20 Healthy Foods To Add To Your Protein Shake If You Want To Put On Size
Blend For Bulk
If you're aiming to bulk up cleanly, your blender is your best friend. With the right additions to your daily shake, you can turn a basic blend into a powerhouse of healthy fats and calories that fuel muscle growth and recovery. Here are 20 nutritious, clean, and bulk-friendly foods you can throw into your protein shake without sabotaging flavor or gains.
1. Avocado
For someone wanting to add size, avocados are gold. Packed with heart-healthy fats and approximately 240 to 320 calories per fruit, they thicken your shake while ramping up the calorie load. Creamy and full of potassium and fiber, they sneak in major gains.
2. Chia Seeds
These tiny warriors are calorie-dense, omega-3-rich, mineral-packed, and full of fiber. Chia seeds expand in liquid, making your shake thicker and more filling, perfect when trying to eat more. Scatter them into the shake. Blending is not necessary. Just one spoonful delivers long-lasting energy and muscle-building nutrition.
3. Almond Butter
A bulker’s best friend, almond butter blends in with rich, nutty flavor while delivering monounsaturated fats, fiber, vitamin E, and magnesium. One scoop turns a boring blend into a mass-gain masterpiece. It’s calorie-dense and smooths your shake while supporting muscle recovery and energy.
4. Spinach
Spinach may not scream "mass gainer," but it adds nutrients like iron and antioxidants that support muscle function and overall growth. It blends seamlessly without ruining flavor, making it the ultimate stealth health boost for those bulking smart, not sloppy.
5. Oats
Oats bring the carbs and fiber your shake needs when you’re chasing size. They're slow-digesting, which means sustained energy and a thicker, meal-worthy blend. Rich in beta-glucan and other muscle-friendly nutrients, half a cup adds serious substance to your shake and your gains.
6. Banana
Bulking without bananas? It's a mistake. This naturally sweet fruit adds creamy texture, fast-acting carbohydrates, and essential minerals like potassium for muscle repair and hydration. Great before or after workouts, bananas fuel recovery and keep your shake tasting dessert-like without needing sugar or artificial sweeteners.
7. Sunflower Seed Butter
A lesser-known but powerful bulking ally, sunflower seed butter delivers healthy fats, plant-based protein, and over 90 calories per tablespoon. It’s nut-free, subtly sweet, and blends smoothly into any shake. Ideal for those with allergies or just looking to shake things up.

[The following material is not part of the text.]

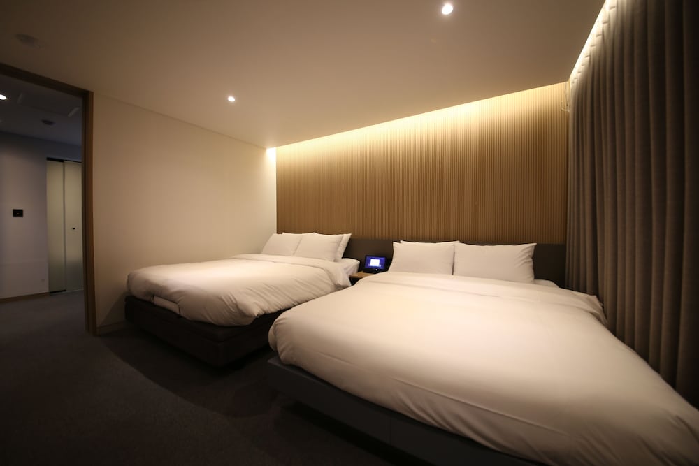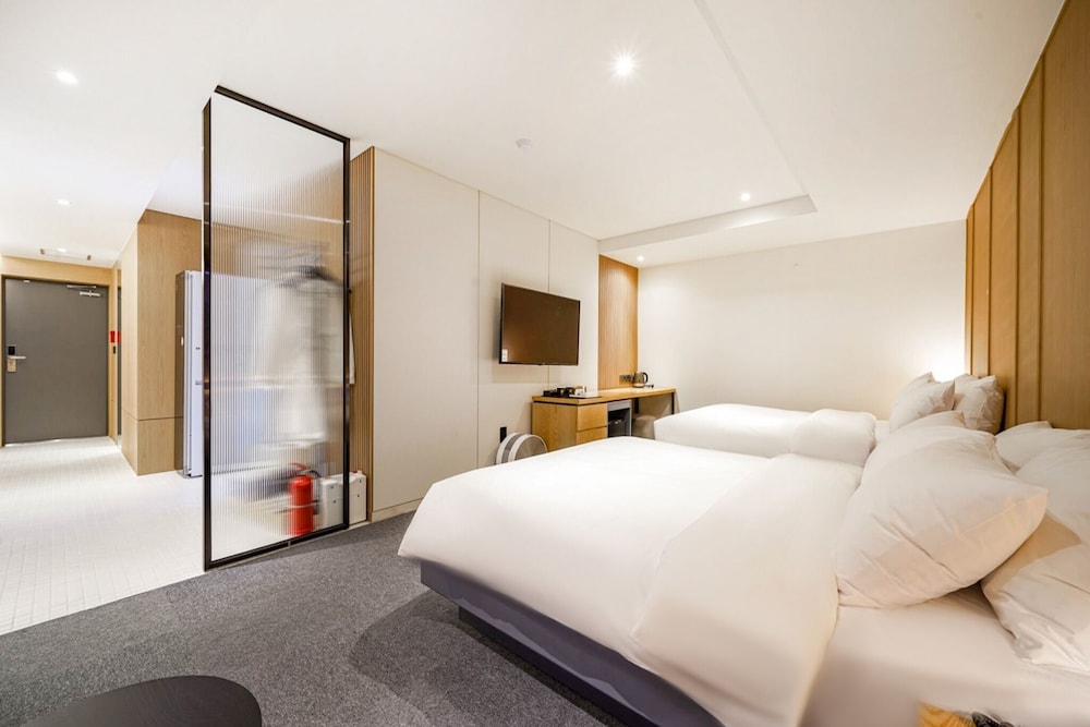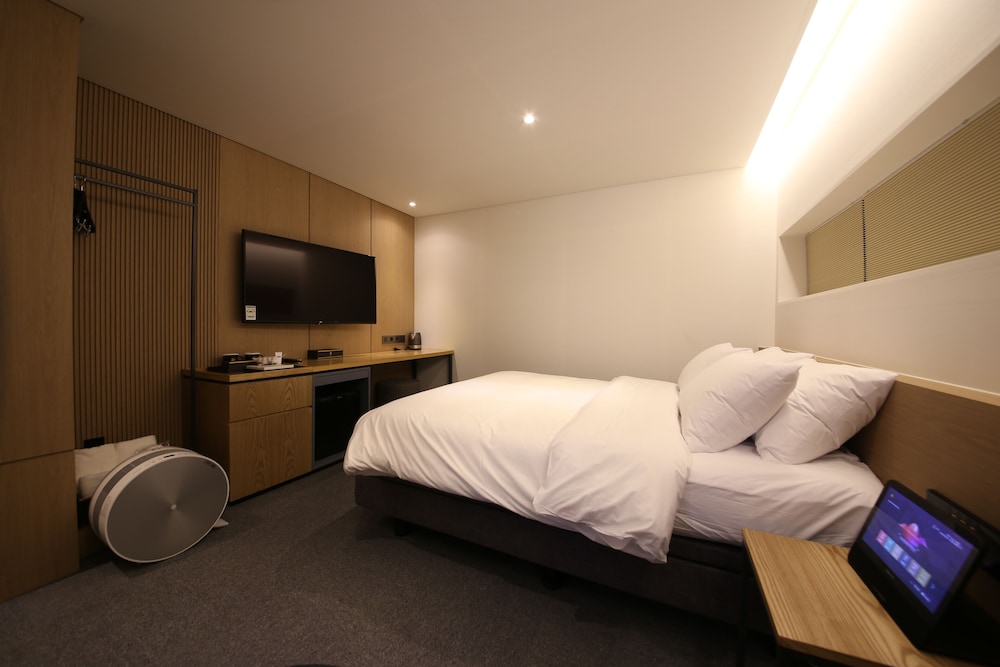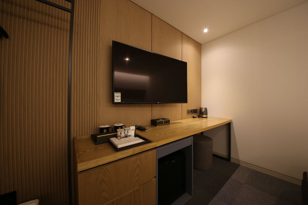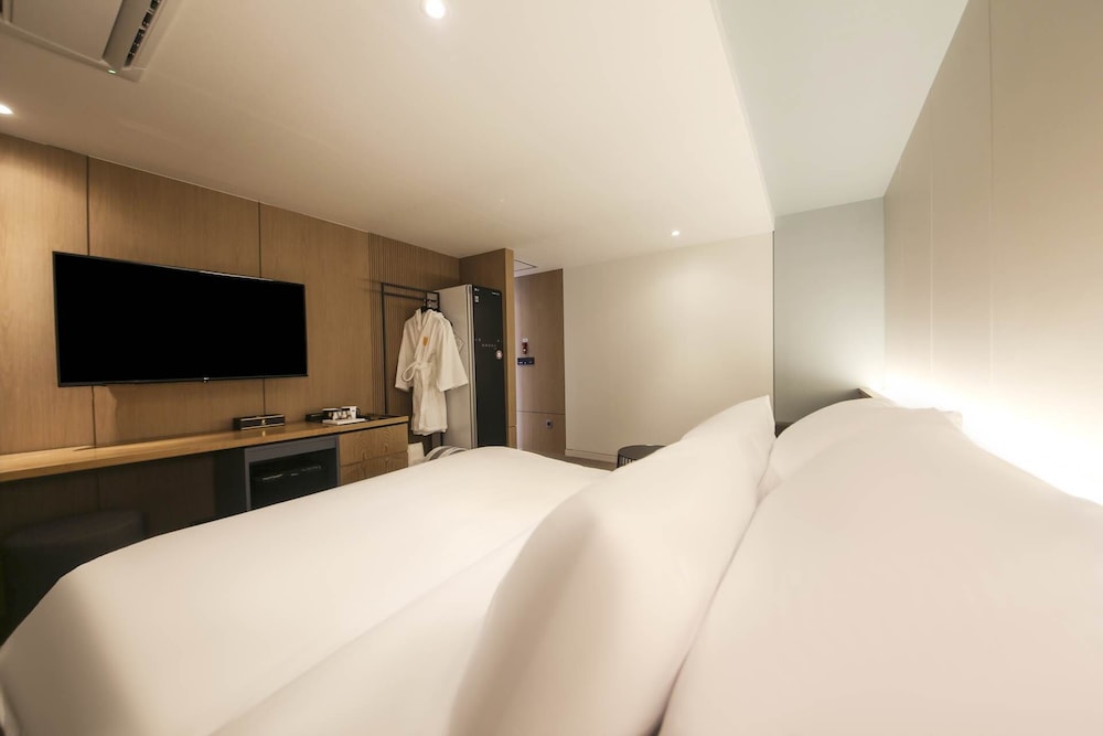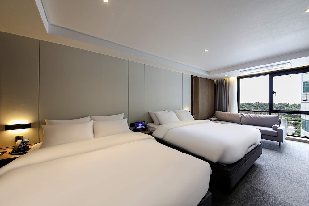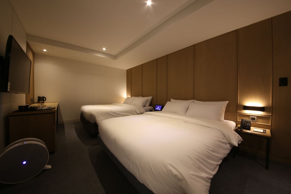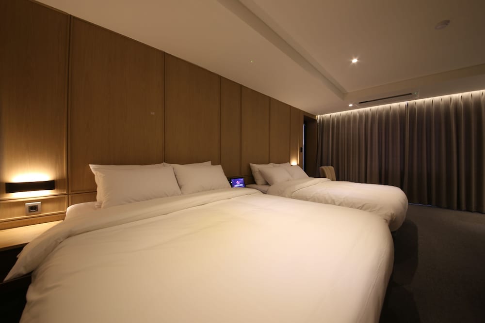 - 객실 Amenity: 무료 Wi-Fi, 45인치 TV, 냉장고, 안전금고, 커피포트, 드라이기, 생수 2병, 커피, 티, 휴대폰충전기, 가운2개, 슬리퍼, 에어컨
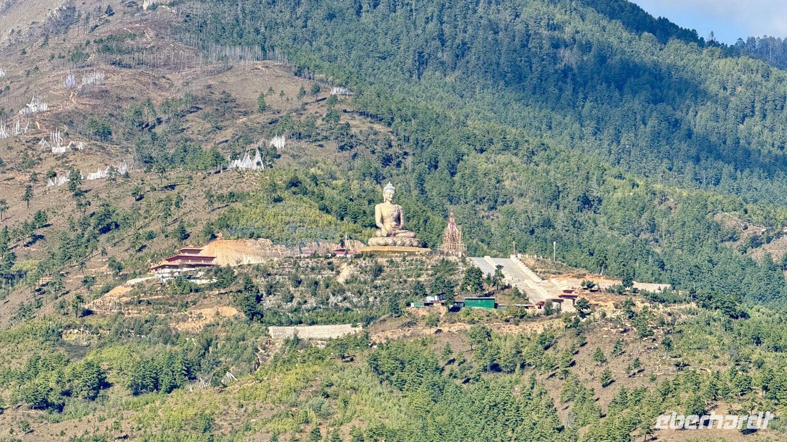 Am heutigen Tag starteten wir unseren Ausflug mit einem Besuch des Buddha Point, auch Kuensel Phodrang genannt, und des angrenzenden Tempels. Der Buddha Point ist eine der bekanntesten Sehenswürdigkeiten von Thimphu. Hier thront eine riesige, goldene Buddha-Statue auf einem Hügel, die über 50 Meter hoch ist und auf das Tal hinabblickt. Umgeben ist sie von einer friedlichen Gartenanlage, die zum Verweilen und Meditieren einlädt. Der Ort vermittelt Ruhe und Spiritualität, und der Blick auf die umliegenden Berge und die Stadt ist schlicht atemberaubend.

HOW TO MAKE SUNFLOWER SEED BUTTER | Allergy-Free Peanut Butter Alternative by Food to Live
8. Cacao Powder
Dark and antioxidant-loaded, cacao powder brings a chocolatey kick and real health perks. It supports circulation and mood, which is important when training hard and eating big. Add a tablespoon for deeper flavor and bonus compounds that work behind the scenes to support performance.
9. MCT Oil
For a calorie bump that goes down easy, MCT oil is king. This fast-digesting fat delivers clean energy, supports metabolism, and boosts your overall intake without chewing more food. It supports muscle growth and size gains by providing a readily available energy source.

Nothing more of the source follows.